篠田英朗(東京外国語大学教授)のブログです。篠田が自分自身で著作・論文に関する情報や、時々の意見・解説を書いています。過去のブログ記事は、転載してくださっている『アゴラ』さんが、一覧をまとめてくださっています。http://agora-web.jp/archives/author/hideakishinoda 

2025年03月

 ロシア・ウクライナ戦争をめぐりロシア領クルスク州に攻め込んだウクライナ軍が、大量の欧米支援の武器も放棄して敗走し、クルスクでの戦闘は終結を見せようとしている。
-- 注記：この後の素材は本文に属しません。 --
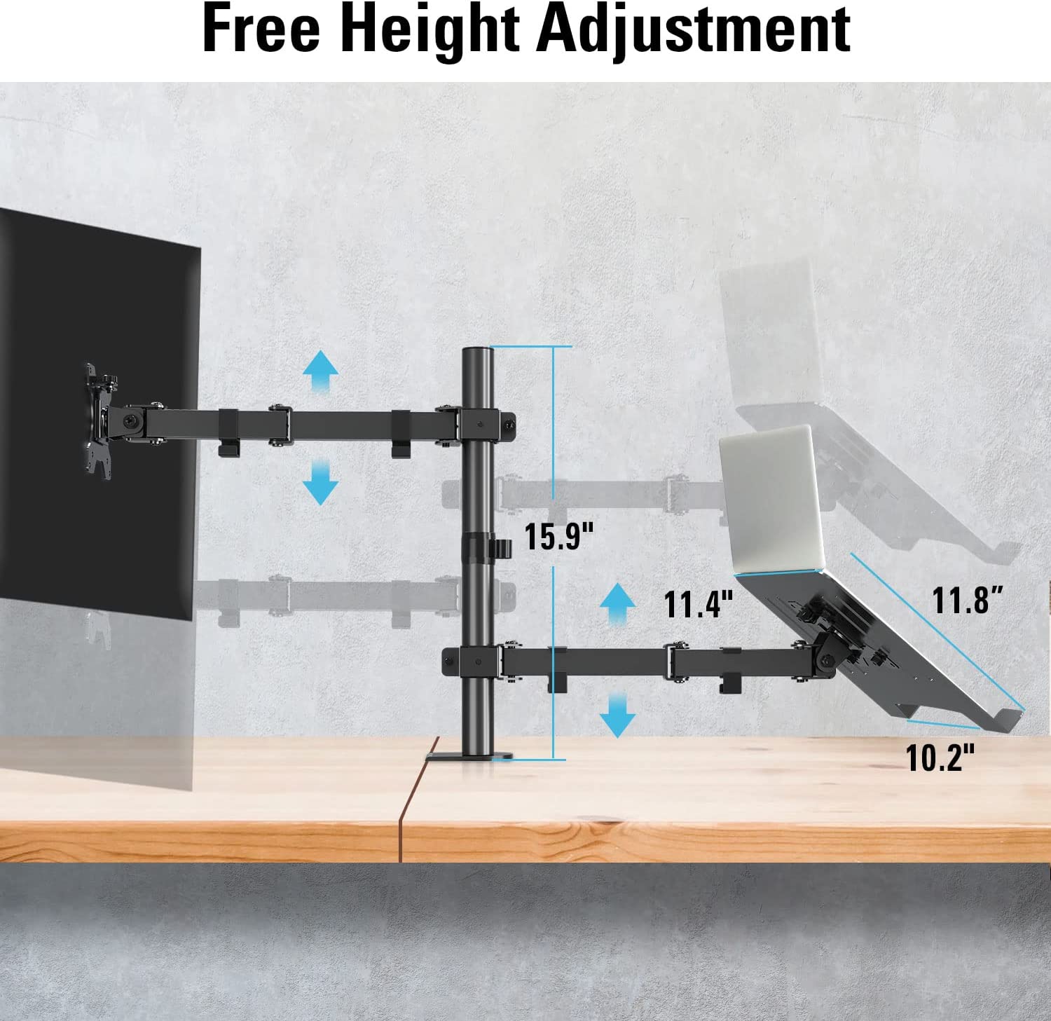 • FLEXIBLE VIEWING –Offers +90° to -90° tilt, ±90° swivel, 360° rotation, and height adjustment along the center pole. Monitor arm max extension: 16.3 inch. The mobility of both monitor arms and joints is completely sufficient for setting a perfect viewing angles and positions.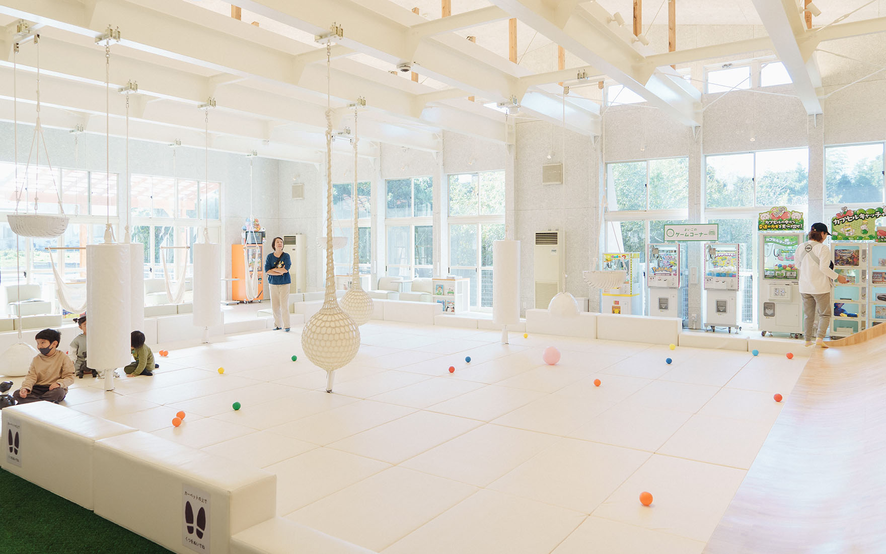 雨でも遊べる、滑り台やサンドバッグのある空間。それ囲うように並ぶソファでは、「ぞうさんすむーじー」のドリンクでゆったりタイムを。(保田小学校ウェブサイトより)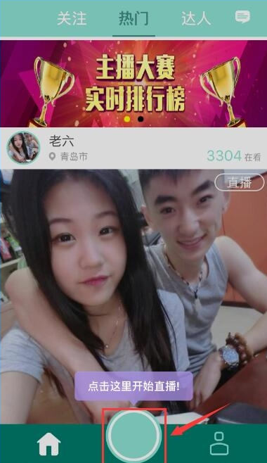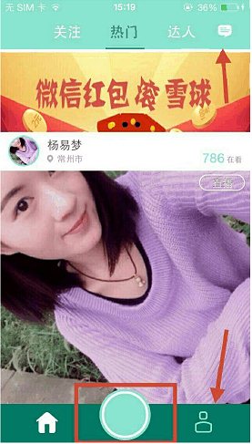 圖中紅色方框中的按鈕為開始直播按鈕。圖中右下角箭頭所指的是個人主頁,點擊跳轉(zhuǎn)至個人主頁界面。圖中右上角為私信按鈕,點擊可跳轉(zhuǎn)至私信界面。
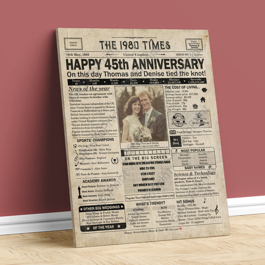 Personalised 45th Anniversary Gift: A Printable UK Newspaper Poster of 1980
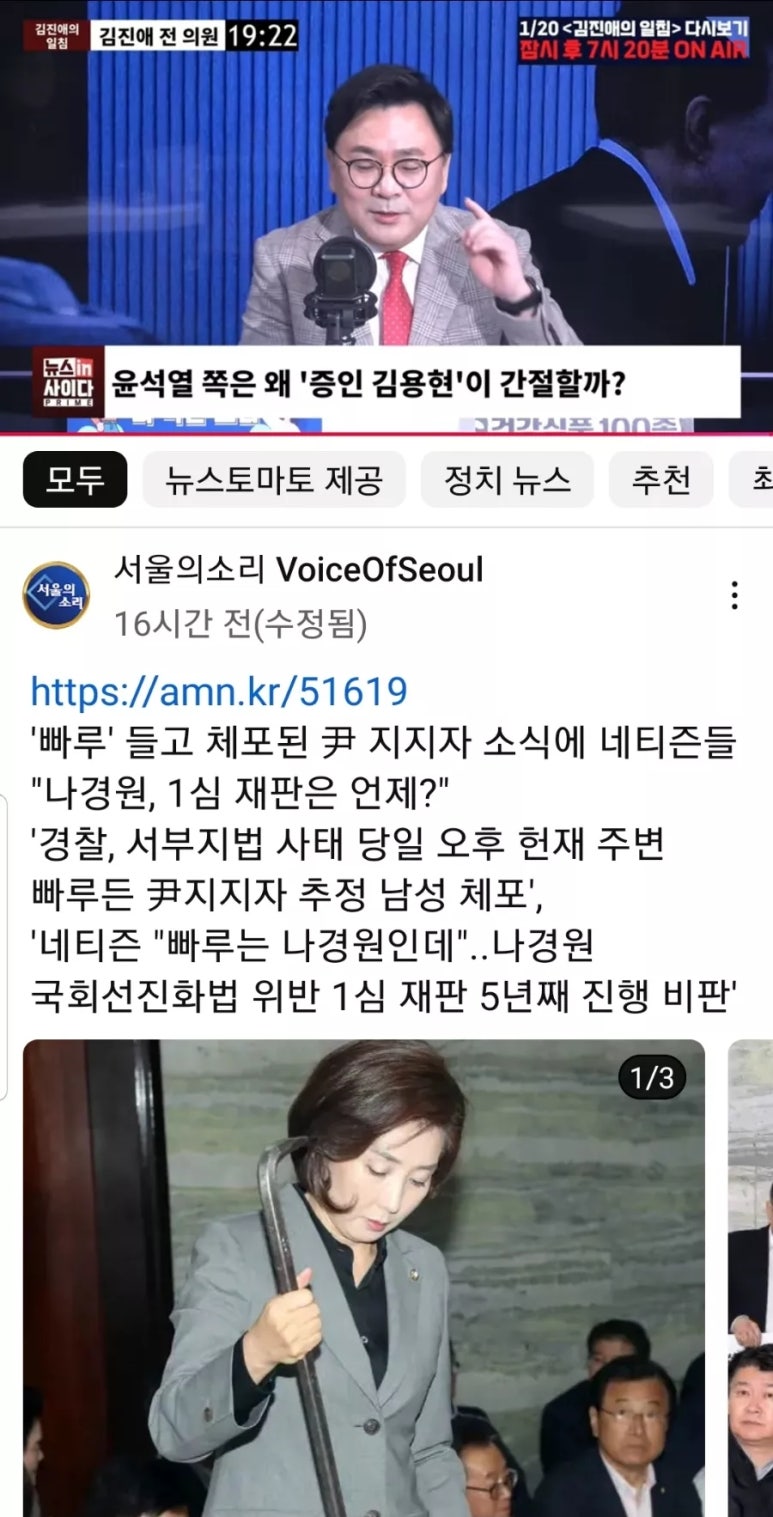 [서울의소리] `빠루` 들고 체포된 尹 지지자 소식에 네티즌들 "나경원, 1심 재판은 언제?"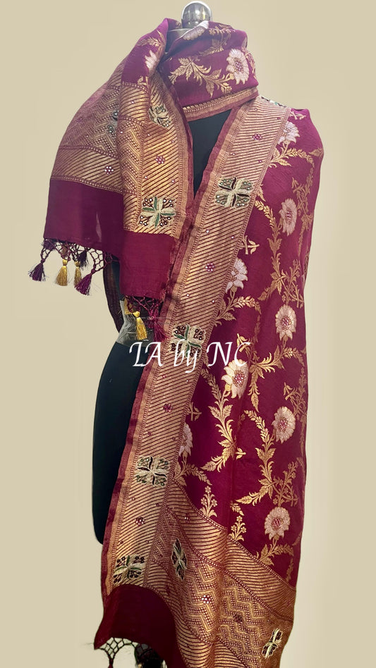 Sangria Banarasi Pure Munga Silk Sona Rupa Handwork Dupatta

トランプ米国大統領の停戦調停交渉が段階的な進展を見せてきている。

 そんな現実とは別に、「言葉狩り」と言わざるを得ないことで、日々SNSが盛り上がり、ニュースが作られている。戦場の惨状と、交渉の緊張とは、全く別のところで、観客たちが、わかりやすく興奮できる題材に飛びついている、という状況である。

トランプ大統領が、クルスク州でロシア軍に囲まれている(surrounded)数千人のウクライナ兵の命を助けてほしいとロシアのプーチン大統領に要請したところ、プーチン大統領が捕虜としての取り扱いをするという返答をした。

このやり取りには背景がある。プーチン大統領は、それ以前には、クルスク州で捕らえられたウクライナ兵は、「テロリスト」として処罰する、と発言していた。国際人道法を適用して戦時中の捕虜としての取り扱いをせず、しかも厳しい刑罰を科す、という意図を伝えた発言として注目された。

これに対しては「国際人道法を適用せよ」と要請するのが、法律的なアプローチであろう。それを停戦調停中のトランプ大統領が、「生命を奪わないでほしい」、というトランプ大統領らしい言い方で要請した。この言い方の是非については多々意見があるかもしれないが、結果としてプーチン大統領は、「国際人道法を適用する」と答えたのに等しい回答をした。

重要なのは、捕虜の保護という結果である、という観点から見るならば、意味のあるやり取りであったはずである。もしウクライナ兵が捕虜としての取り扱いを受けられなければ、停戦交渉の進展にも悪影響を与えることは必至であった。

このやりとりに端を発して、しかし実質内容とは無関係な場外乱闘のような構図での盛り上がりが、SNSやメディアで巻き起こった。日頃からウクライナ側に立った言説を展開している評論家やジャーナリスト層が、トランプ大統領の認識あるいは言葉に、一斉に反発したのである。「surrounded」というトランプ大統領が用いた言葉は、比較的漠然としたものであったと思われる。だが糾弾者たちの間では、これが示し合わせたように「encircled」という言葉に置き換えられた。そして、「完全包囲(encircled)されているウクライナ部隊はない、トランプはプーチンに騙されて間違った認識を披露している」という糾弾がなされる根拠とされていった。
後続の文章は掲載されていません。